Photo Credit: Jay Huang (Flickr CC)

Grouse Grind

  • Trail Length: 2.9 kilometers
  • Location: Grouse Mountain Park

The Grouse Grind is a popular hiking destination located within the borders of Vancouver. Sitting at just under 3 kilometers, this trail takes hikers up a stone and wooden staircase 780 meters to the top of Grouse Mountain. Set aside about 1.5 to 2 hours for this hike. It’s recommended to take the Grouse Mountain Gondola down (free trip downhill) to keep the trail safe from loose gravel pelting down on the ascending hikers. This trail can get crowded during the busy season. At the top of the mountain are cafes, restaurants, and bars, offering a delicious reward to the hikers that finish the grind.

The Lions

  • Trail Length: 12.4 kilometers
  • Location: Lions Bay

An iconic landmark overlooking the Howe Sound, the Lions are two twin peaks north of Vancouver. This 4 hour trail will take you to the ridge of the Lions. Here, you’ll catch stunning views of the Howe Sound and the North Shore mountains. Most of the hike is a steady incline up a gravel path. You’ll pass over a bridge which will be your last chance to refill your water before the top. The “heads” of the Lions are climbable, but they require extensive scrambling and straight-up bouldering. Do NOT attempt without a buddy or if you are afraid of heights.

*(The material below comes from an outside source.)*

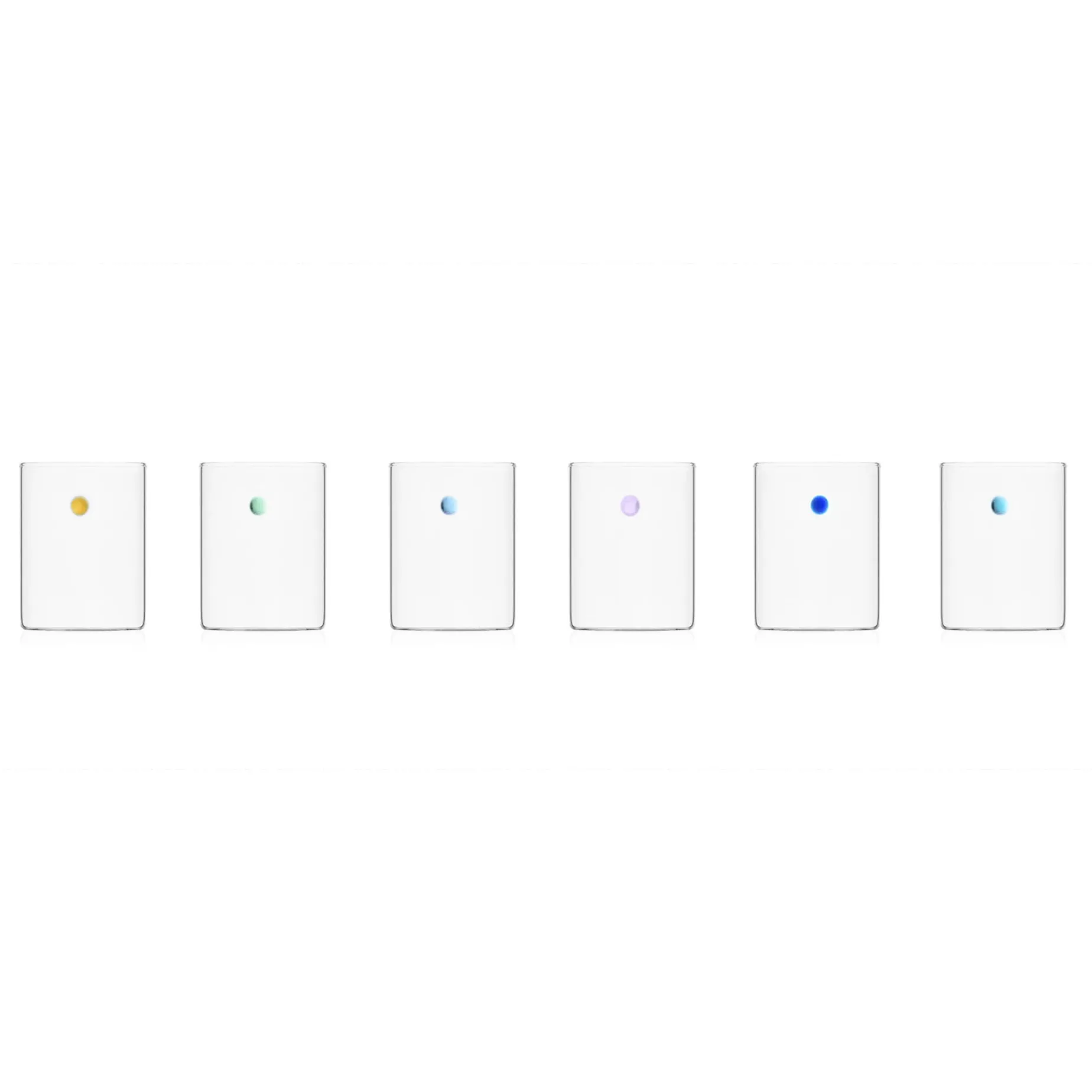 This set of 6 of Ichendorf Milano is a stunning glassware collection to serve water or wine in style. Each cylinder-shaped tumbler has a different coloured glass bead detail. Each of the 6 glasses features a unique iridescent colour, including amber, lilac and blue shades. These simple tumblers hold drinks in elegant style.

Photo Credit: ActiveSteve (Flickr CC)

Golden Ears Trail

  • Trail Length: 21.7 kilometers
  • Location: Golden Ears Provincial Park

One of the most epic hikes near Vancouver, Golden Ears trail takes you up to the northern summit of the mountain. This trek is perfect for backpackers, as there are several campsites located within the park, as well as 6 tent platforms near the peak. Panoramic views of Pitt Lake wait at the end of the hike. We wouldn’t recommend this trail to any beginner hikers as the route is very technical. Additionally, the elevation gain means unpredictable climate. There’s an emergency shelter located near the top for hikers who get stranded by bad weather.

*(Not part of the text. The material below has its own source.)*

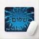 Dark text reading "Shalom" (Hebrew: peace) superimposed on a lighter blue fractal image. Add your own additional text.

Photo Credit: Simon Morris (Flickr CC)

Stawamus Chief

  • Trail Length: 6.1 kilometers
  • Location: Stawamus Chief Park

A classic hike near Vancouver, the Stawamus Chief is a trail that takes hikers up one of the three peaks of this picturesque mountain. This trail is mostly wooden stairs and can get a bit crowded during the summer months. Ascending to the first peak requires climbing a metal ladder.More experienced hikers have the option to ascend all three peaks, adding about 5 kilometers to the trek. This option requires a lot of elevation change but will offer three unique perspectives and views of the Howe Sound and the town of Squamish below.

Photo Credit: JayCWSee (Flickr CC)

Wedgemount Lake

  • Trail Length: 10.3 kilometers
  • Location: Garibaldi Provincial Park

Wedgemount Lake is a gorgeous alpine lake located within Garibaldi Provincial park. This hike is known as one of the most challenging trails in the park, partly due to its steep elevation gain. The trail will initially take you through an old forest and some moderate switchbacks. Eventually, you’ll reach a viewpoint looking out at the 300 meter tall Wedgemount Waterfall. Once you cross the treeline, you’ll scramble up to the British Columbia Mountaineering Club hut. The end of the trail is a short distance further, offering spectacular views of glaciers and Wedgemount Lake, which is known for its radiant turquoise blue color.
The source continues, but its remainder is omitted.